# [Data section]
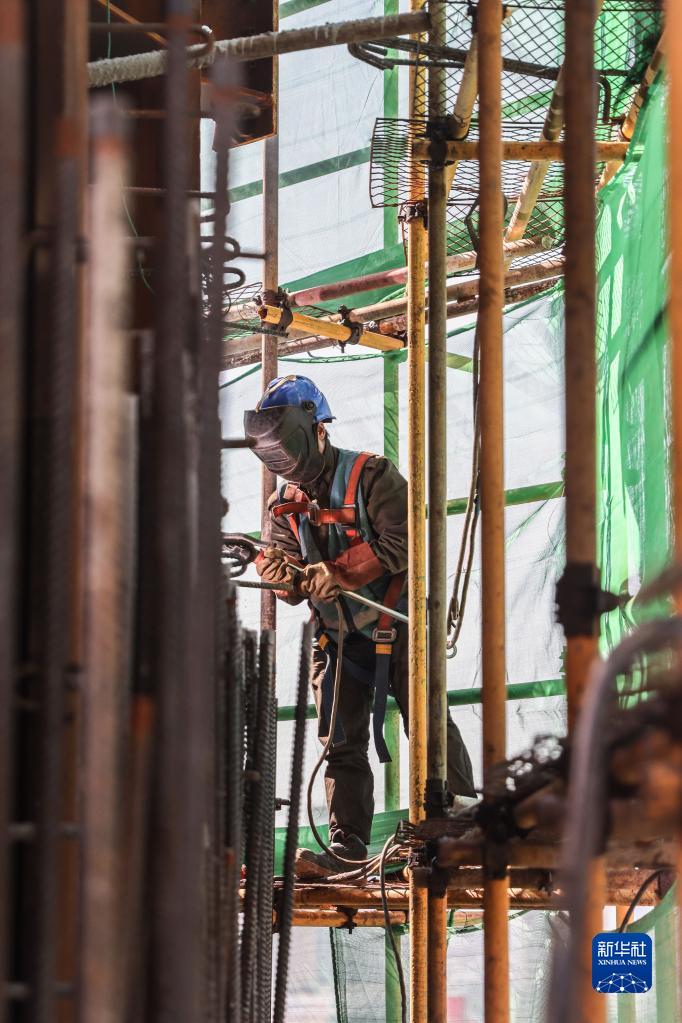 新年伊始,在由海南機場(chǎng)投資建設、中建三局承建的海南中心項目建設工地上,工人們搶抓工期,現場(chǎng)一派繁忙的景象。海南中心項目總投資近百億元,建筑高度428米,主體塔樓94層,預計2025年底項目主體結構封頂、2026年底投入運營(yíng)。項目建成后將成為海南第一高樓。
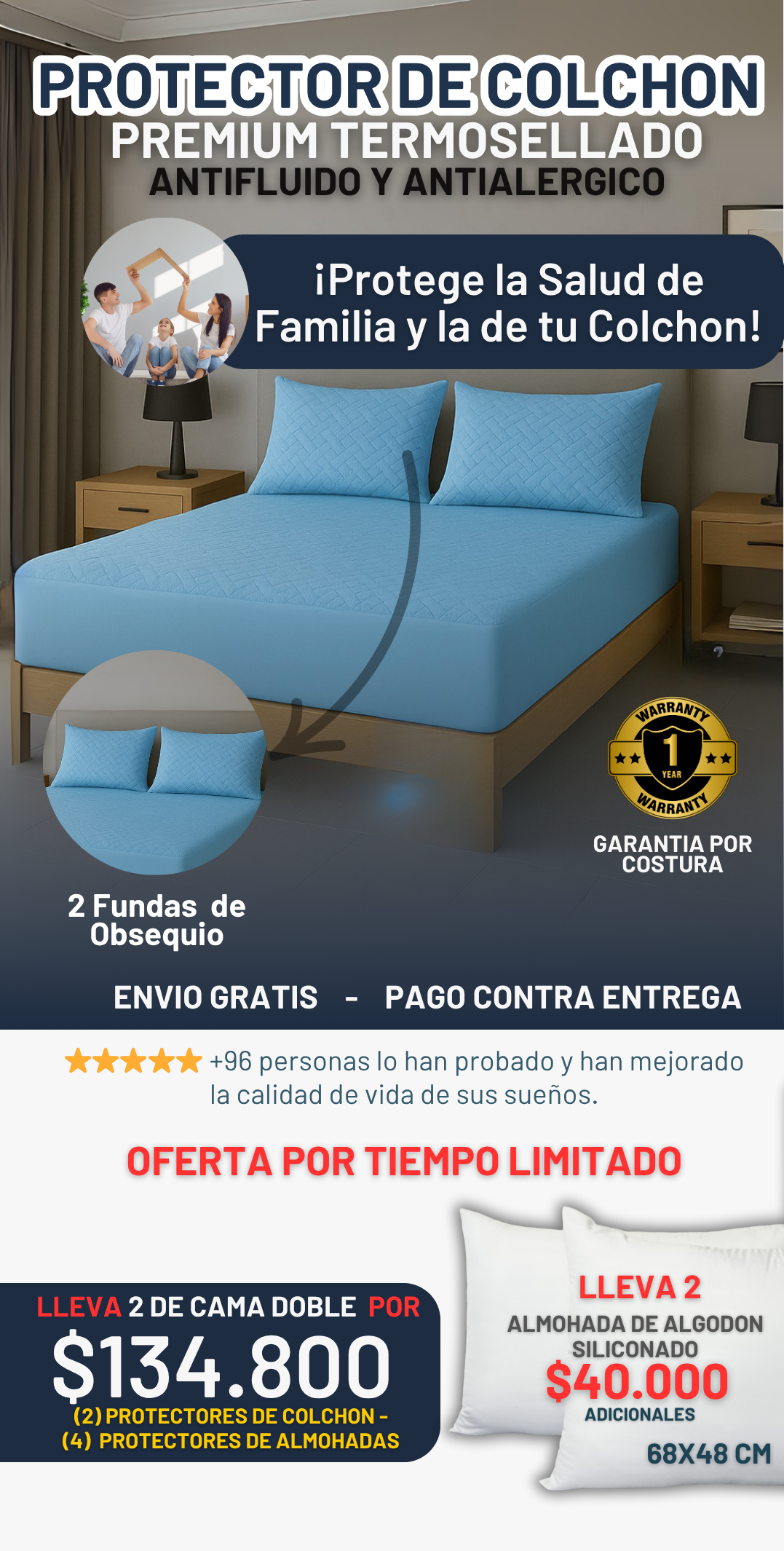 Nuestros protectores combinan tejido de microfibra de poliéster de alta densidad con guata siliconada de 100 g, ofreciendo suavidad, ligereza y excelente capacidad termorreguladora.
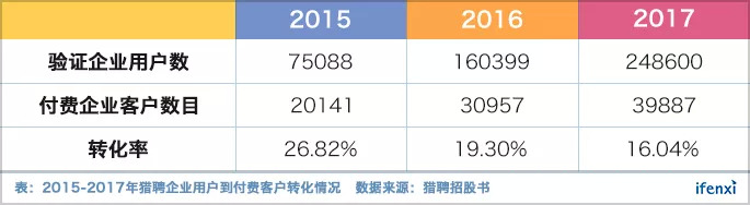 这使得猎聘企业客户客单价天花板相对较低。当下,猎聘企业客单价增长势头已初显疲态。同时,猎聘的付费客户的转化率也在不断降低。这意味着越来越多的企业用户将猎聘作为不同招聘平台的补充渠道。
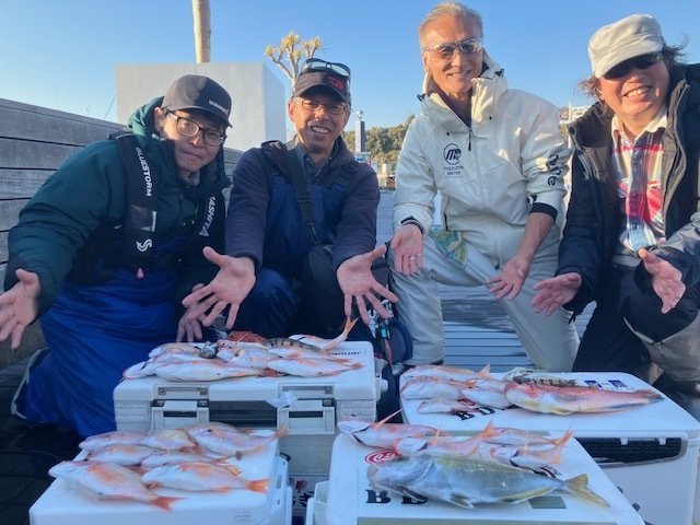 その前回は春先に良くみられる海のヨゴレにやられ、アタリが極端に少なく苦戦しました。あれから3週間が経ち、良い変化を信じての釣行でした。しかしながら、結果から言うと惨敗!!まだ、ところどころにヨゴレが残り、実績があるポイントも外道1匹当たらない場所も多数でした。とにかく、綺麗な潮を探してのランガン釣り。数十か所流してようやく1カ所だけレンコダイの活性が高い場所を発見!!なんとかレンコダイのお土産を確保して終了!!本命こそあまり釣れませんでしたが、仲間とワイワイ楽しい釣行となりました!!潮が戻れば釣れると信じて!アマダイは再度リベンジしたいと思います!皆様も是非お出かけください!!
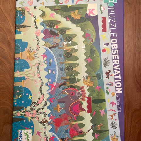 Djeco Birds puslespil med 1000 brikker. Motiv med fugleillustration. Der medfølger plakat af motivet. Færdigt puslespil måler 97 x 33 cm.
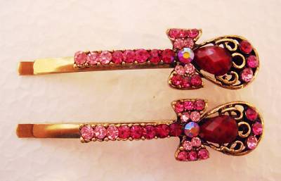 Title (ebay affiliate link): ANTIQUE STYLE ROSE RED SWAROVSKI CRYSTAL BOW HAIR CLIPS
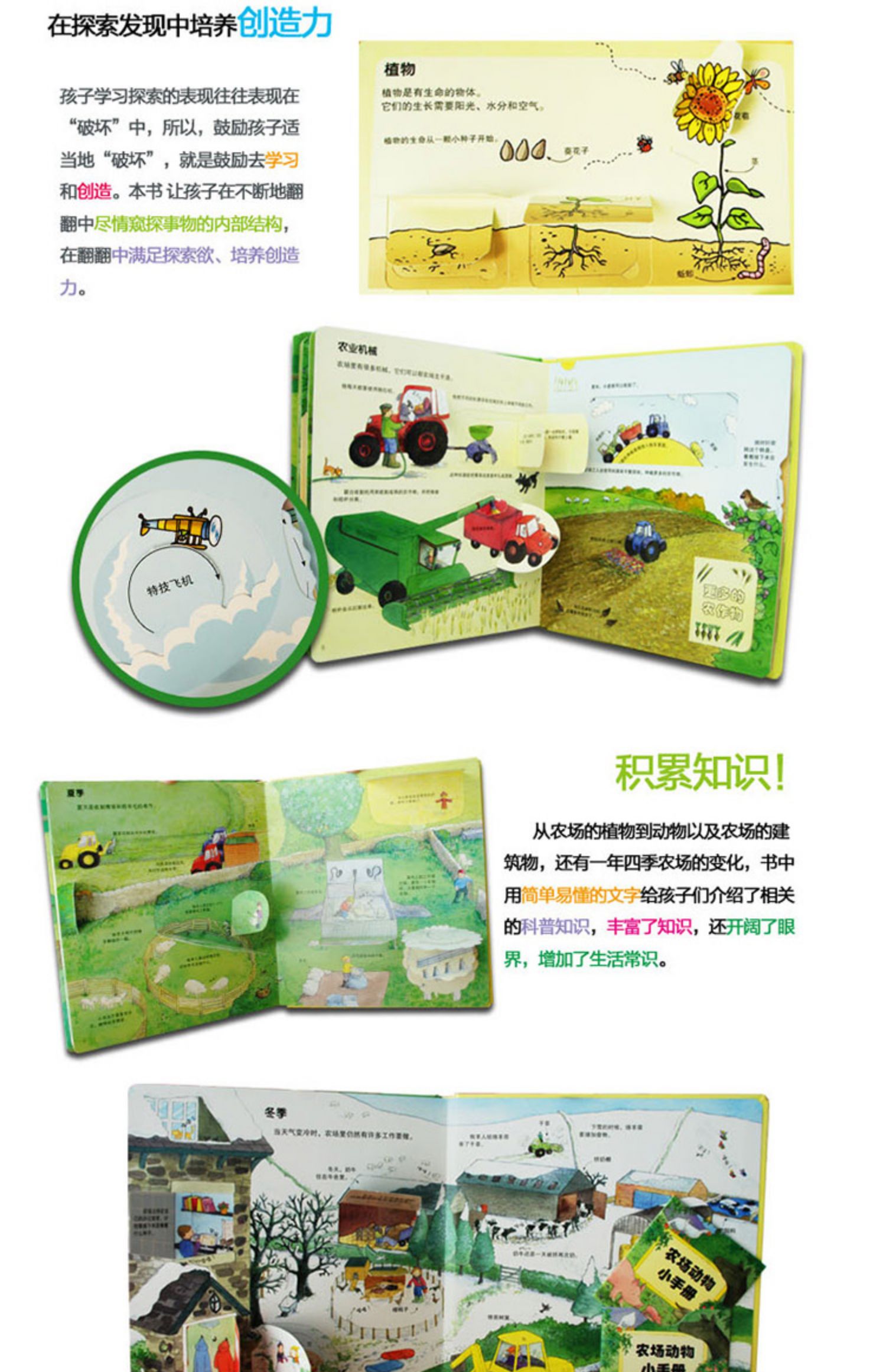 【英国引进】乐乐趣儿童早教启蒙认知洞洞书,婴儿3D立体绘本,揭秘农场科普翻翻书,少儿百科知识绘本。16开大版本,圆角设计,加厚纸板撕不烂,0-12宝宝早教必备,开发大脑潜能,宝妈必备睡前亲子故事书。
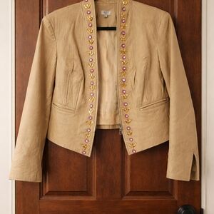 Women's Tan Ruffle Leather Jacket
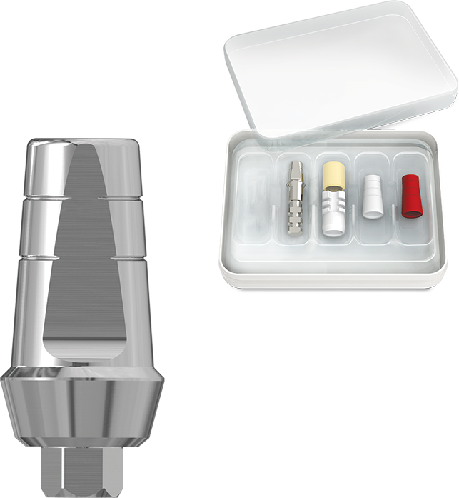 The MIS CPK allows for a complete restoration procedure: Closed tray impression taking, provisional restoration, and final restoration; without compromising or disturbing the implant-abutment interface. The abutment is installed once, in the implant, and is not removed again, and is used in the final restoration. This is recommended in cases of single or multiple implants which do not require angulation correction.
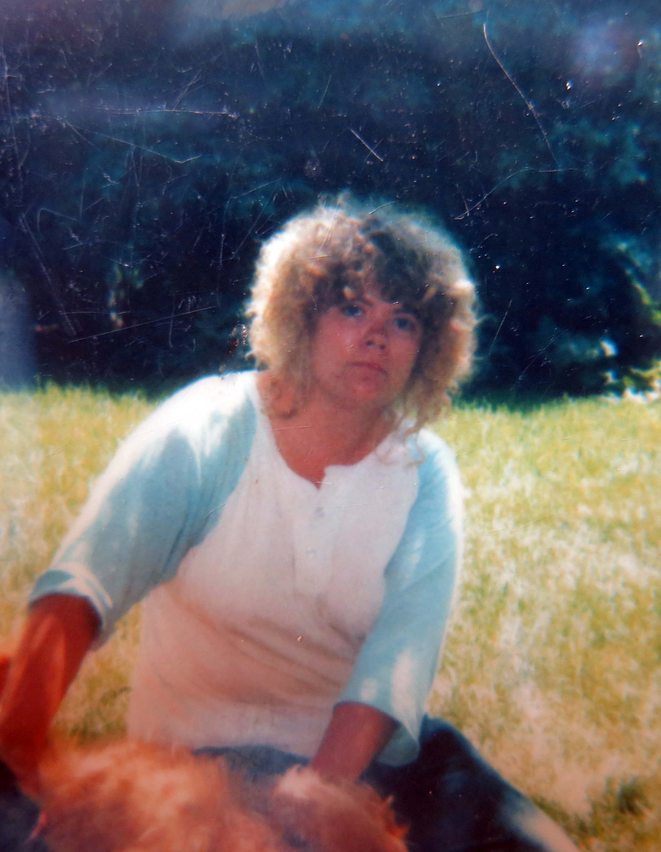 Here’s an old Polaroid picture of my mommy. She’s tickling a dog’s tummy. She was really good at spoiling dogs. The picture was in really bad shape; this was probably taken in late May because they met in May. That was in 1982, long before I was born. It was love at first sight, and the guy I live with says this picture still takes his breath away.
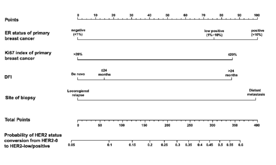 本研究还通过ER状态、Ki67指数、活检部位以及无疾病间隔时间建立了首个预测患者从HER2 IHC 0转化为HER2低表达或HER2阳性可能性的评估模型,为临床更精准地预测、检测HER2状态改变的患者提供了指导方向。
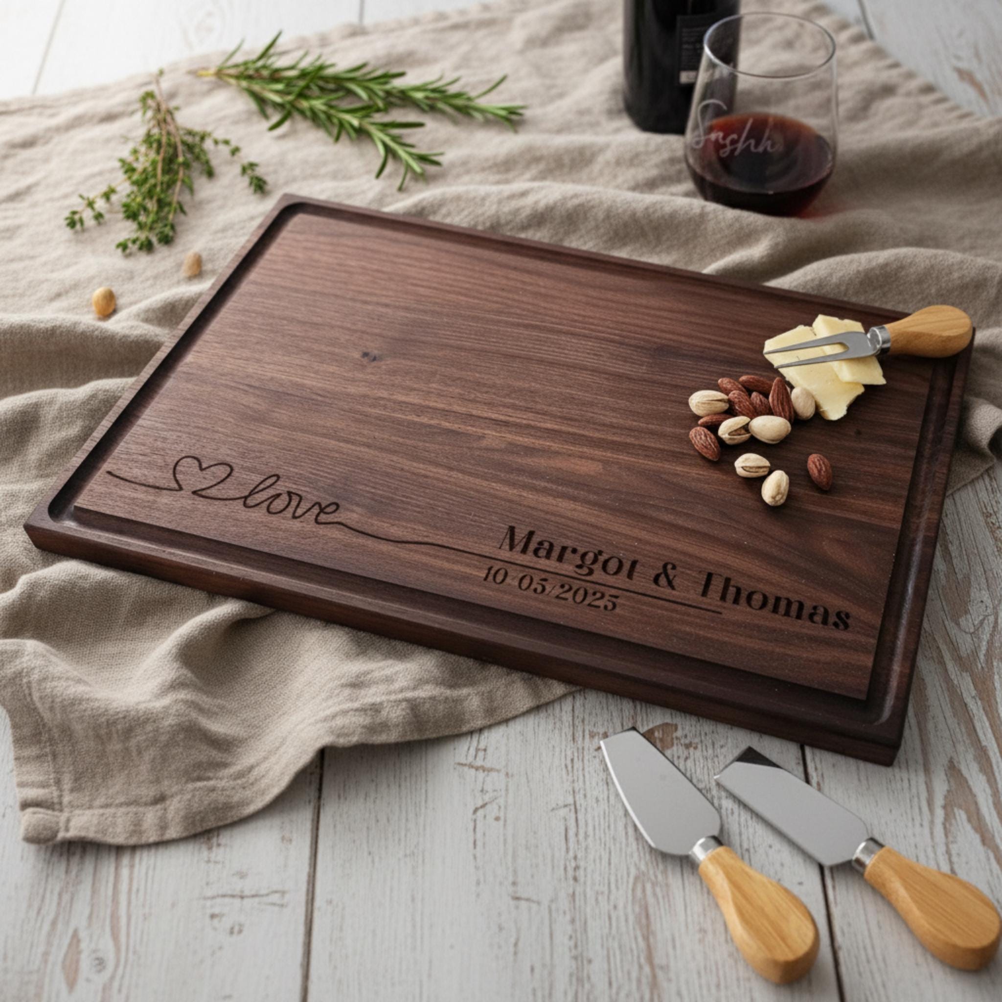 Personalized cutting board – Love-Inspired: Custom Engraved with Names & Date for Wedding and Anniversary Charcuterie Gift
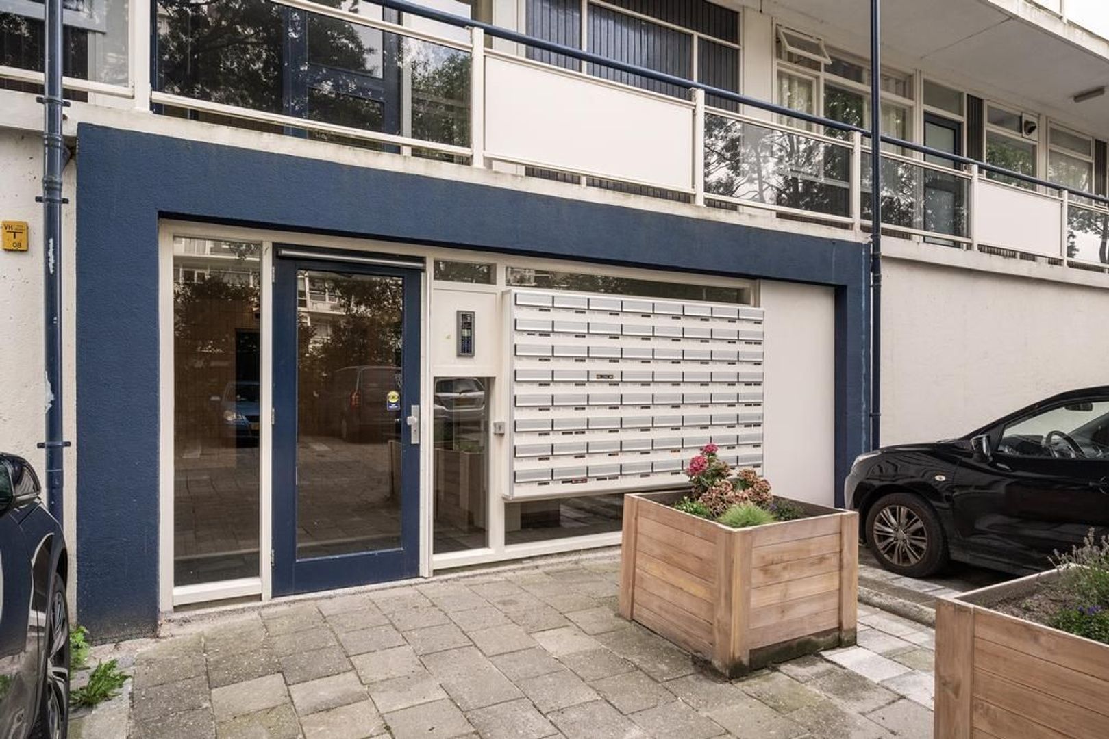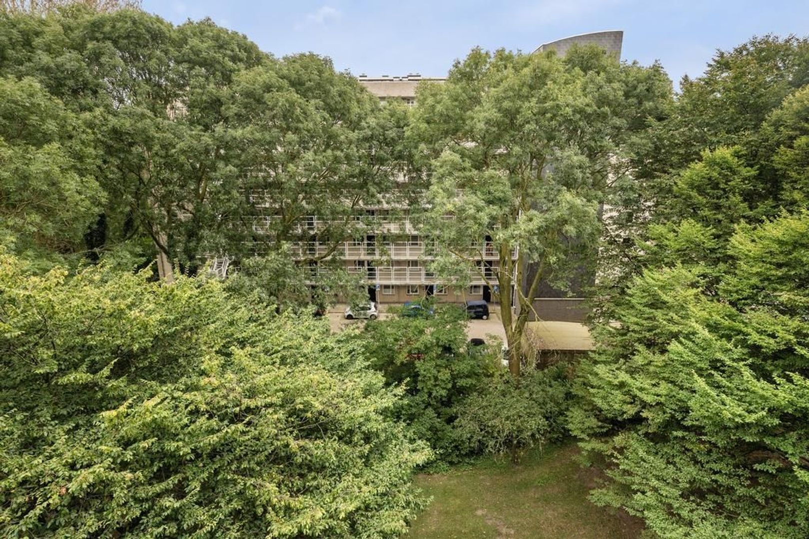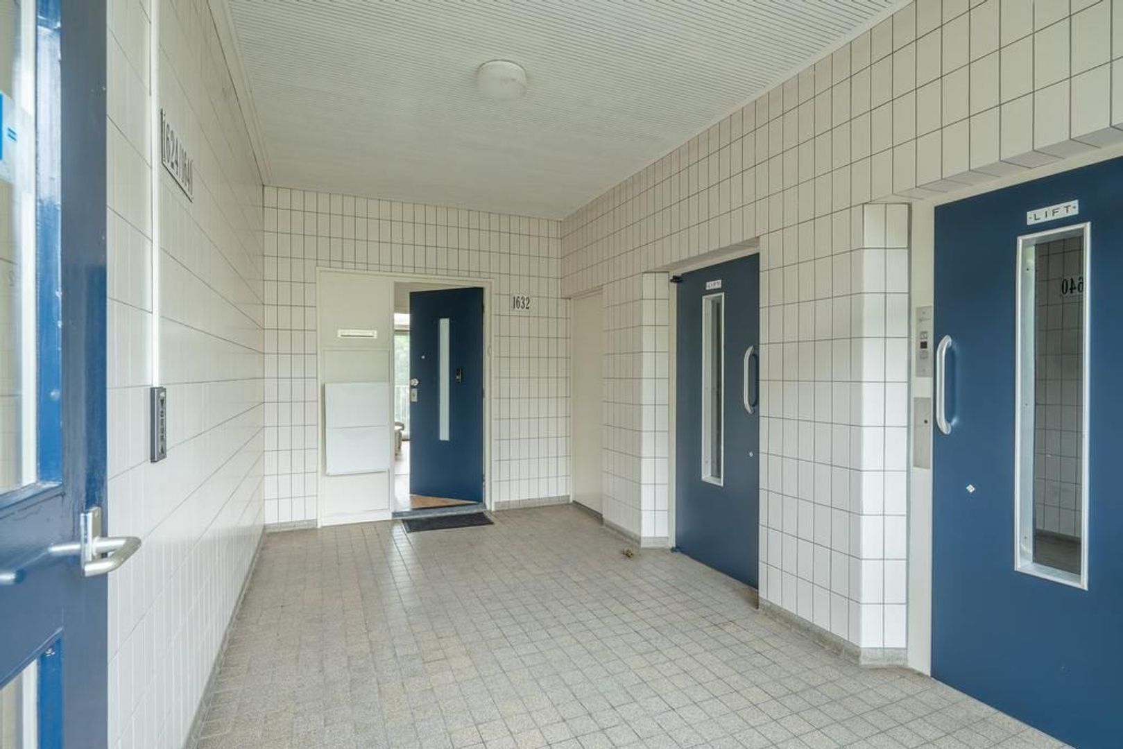 Toegang tot het gebouw via het gemeenschappelijke en afgesloten parkeerterrein, gesloten portiek met bellentableau lift naar de 5e verdieping.

# [Assigned task]
Apart from the pictures, every line above must be repeated exactly.

# [Completed exercise]
 新年伊始,在由海南機場(chǎng)投資建設、中建三局承建的海南中心項目建設工地上,工人們搶抓工期,現場(chǎng)一派繁忙的景象。海南中心項目總投資近百億元,建筑高度428米,主體塔樓94層,預計2025年底項目主體結構封頂、2026年底投入運營(yíng)。項目建成后將成為海南第一高樓。
 Nuestros protectores combinan tejido de microfibra de poliéster de alta densidad con guata siliconada de 100 g, ofreciendo suavidad, ligereza y excelente capacidad termorreguladora.
 这使得猎聘企业客户客单价天花板相对较低。当下,猎聘企业客单价增长势头已初显疲态。同时,猎聘的付费客户的转化率也在不断降低。这意味着越来越多的企业用户将猎聘作为不同招聘平台的补充渠道。
 その前回は春先に良くみられる海のヨゴレにやられ、アタリが極端に少なく苦戦しました。あれから3週間が経ち、良い変化を信じての釣行でした。しかしながら、結果から言うと惨敗!!まだ、ところどころにヨゴレが残り、実績があるポイントも外道1匹当たらない場所も多数でした。とにかく、綺麗な潮を探してのランガン釣り。数十か所流してようやく1カ所だけレンコダイの活性が高い場所を発見!!なんとかレンコダイのお土産を確保して終了!!本命こそあまり釣れませんでしたが、仲間とワイワイ楽しい釣行となりました!!潮が戻れば釣れると信じて!アマダイは再度リベンジしたいと思います!皆様も是非お出かけください!!
 Djeco Birds puslespil med 1000 brikker. Motiv med fugleillustration. Der medfølger plakat af motivet. Færdigt puslespil måler 97 x 33 cm.
 Title (ebay affiliate link): ANTIQUE STYLE ROSE RED SWAROVSKI CRYSTAL BOW HAIR CLIPS
 【英国引进】乐乐趣儿童早教启蒙认知洞洞书,婴儿3D立体绘本,揭秘农场科普翻翻书,少儿百科知识绘本。16开大版本,圆角设计,加厚纸板撕不烂,0-12宝宝早教必备,开发大脑潜能,宝妈必备睡前亲子故事书。
 Women's Tan Ruffle Leather Jacket
 The MIS CPK allows for a complete restoration procedure: Closed tray impression taking, provisional restoration, and final restoration; without compromising or disturbing the implant-abutment interface. The abutment is installed once, in the implant, and is not removed again, and is used in the final restoration. This is recommended in cases of single or multiple implants which do not require angulation correction.
 Here’s an old Polaroid picture of my mommy. She’s tickling a dog’s tummy. She was really good at spoiling dogs. The picture was in really bad shape; this was probably taken in late May because they met in May. That was in 1982, long before I was born. It was love at first sight, and the guy I live with says this picture still takes his breath away.
 本研究还通过ER状态、Ki67指数、活检部位以及无疾病间隔时间建立了首个预测患者从HER2 IHC 0转化为HER2低表达或HER2阳性可能性的评估模型,为临床更精准地预测、检测HER2状态改变的患者提供了指导方向。
 Personalized cutting board – Love-Inspired: Custom Engraved with Names & Date for Wedding and Anniversary Charcuterie Gift
 Toegang tot het gebouw via het gemeenschappelijke en afgesloten parkeerterrein, gesloten portiek met bellentableau lift naar de 5e verdieping.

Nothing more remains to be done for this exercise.